4 Responses to “The global cultural ghetto”

  1. indra 25 November 2008 at 5:52 pm Permalink

    I’m living in Panama right now and I can say that situation here is not so bad as in small cities of Russia :) There you need to pay much more for the internet and that’s why it’s difficult to use torrents (I think you know what is that :)
    Here you have at least this option…
    P.S. – Blockbuster is funny. It has SO small selection. I don’t understand how this company can survive :)

  2. jarango 25 November 2008 at 6:05 pm Permalink

    Hi Indra, thanks for your comment. I don’t get media off torrents… notice I explicitly said I want to legally buy this stuff.

    As someone who produces cultural artifacts for a living (websites, in my case), I know that it takes a lot of work (and money) to produce these things.
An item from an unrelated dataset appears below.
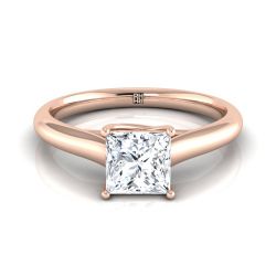 14K Rose Gold Princess Cut Rounded Classic Comfort Fit Solitaire Ring
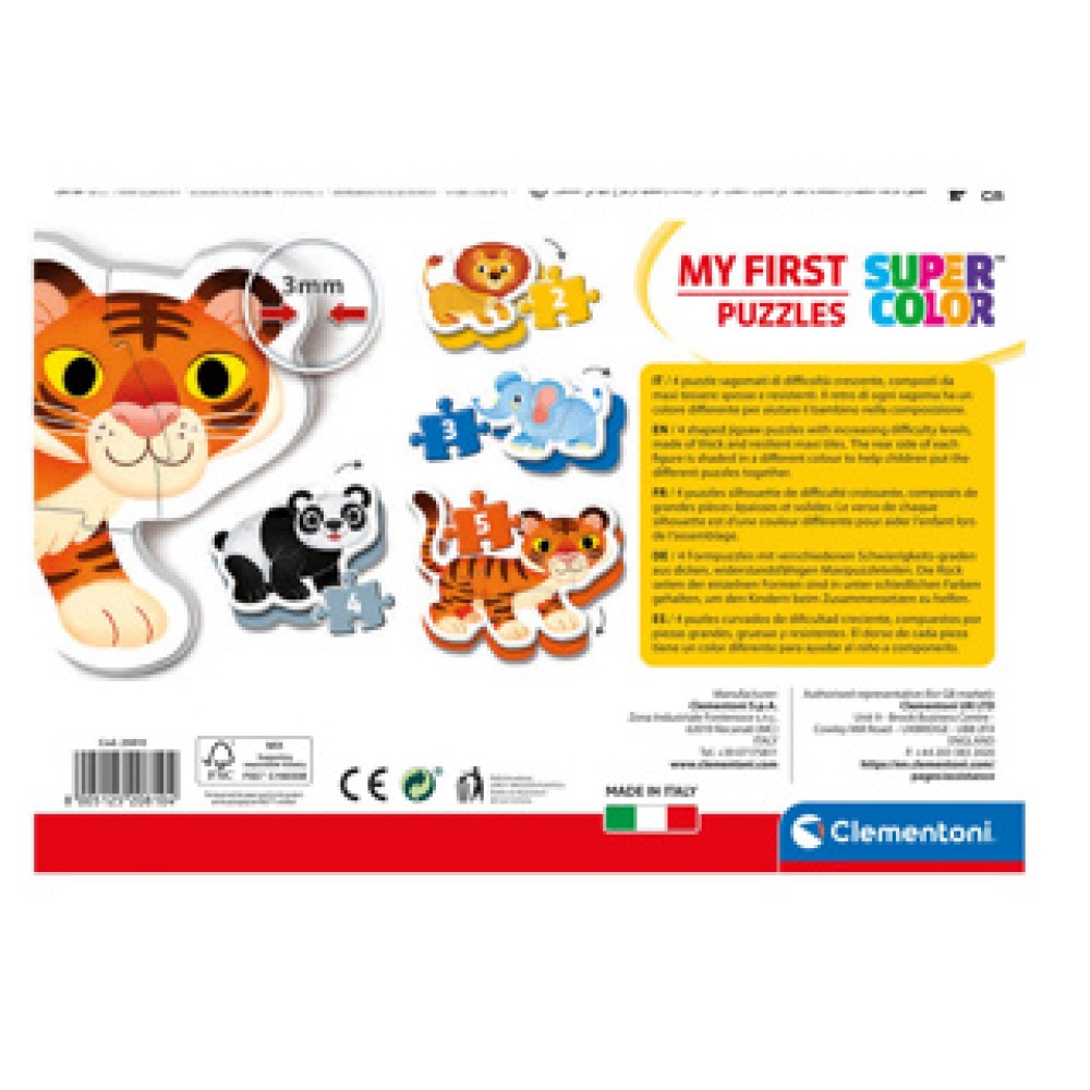 Educatieve puzzelset van Clementoni met 4 puzzels van 3, 6, 9 en 12 stukjes, met vrolijke afbeeldingen van wilde dieren. Ideaal voor jonge kinderen vanaf 2 jaar om stap voor stap puzzelervaring op te bouwen.

So I want to make sure that the people who make the movies, music, books, etc. get paid. My main gripe is that they are not giving me the opportunity to give them my money. ;)

  3. peterme 27 November 2008 at 11:27 am Permalink

    I’m sure it’s not just Criterion shutting you out… Can you access the video on http://hulu.com/ ? Probably not.

    And your European friends often have the same complaints.

    Criterion only has rights to show these videos in the United States (possibly not even Canada). I’m sure they’d love for you to pay $5 and watch from Panama, but their hands are tied by what can only be described as byzantine international copyright law.

    And the DMCA doesn’t make it any easier. Don’t blame Criterion. Blame studios and lawmakers the world over.

  4. jarango 27 November 2008 at 12:11 pm Permalink

    Hi Peter, you’re right to point out that this isn’t Criterion’s fault. (And yes, Hulu is also blocked from here.)—Note I splattered a broad brush at “corporate lawyers and accountants.”

    Criterion, Hulu, and Amazon are the distribution end of a medium that is still defined by rules set up for a totally different business ecosystem. I’ve seen very little movement from them, or any other players, to move things in a future-facing direction.

    It’s clearly not that they can’t see the value in digital distribution: just this week Atlantic Records announced that their digital sales are now higher than CDs. The old model doesn’t scale, why can’t they see past it?

    (Of course, you could argue that the fact that these sites exist at all is proof that they do see past it. Perhaps it’s a matter of time, and I’m just impatient and frustrated because of reading about long tails and flat worlds that only exist in piecemeal.)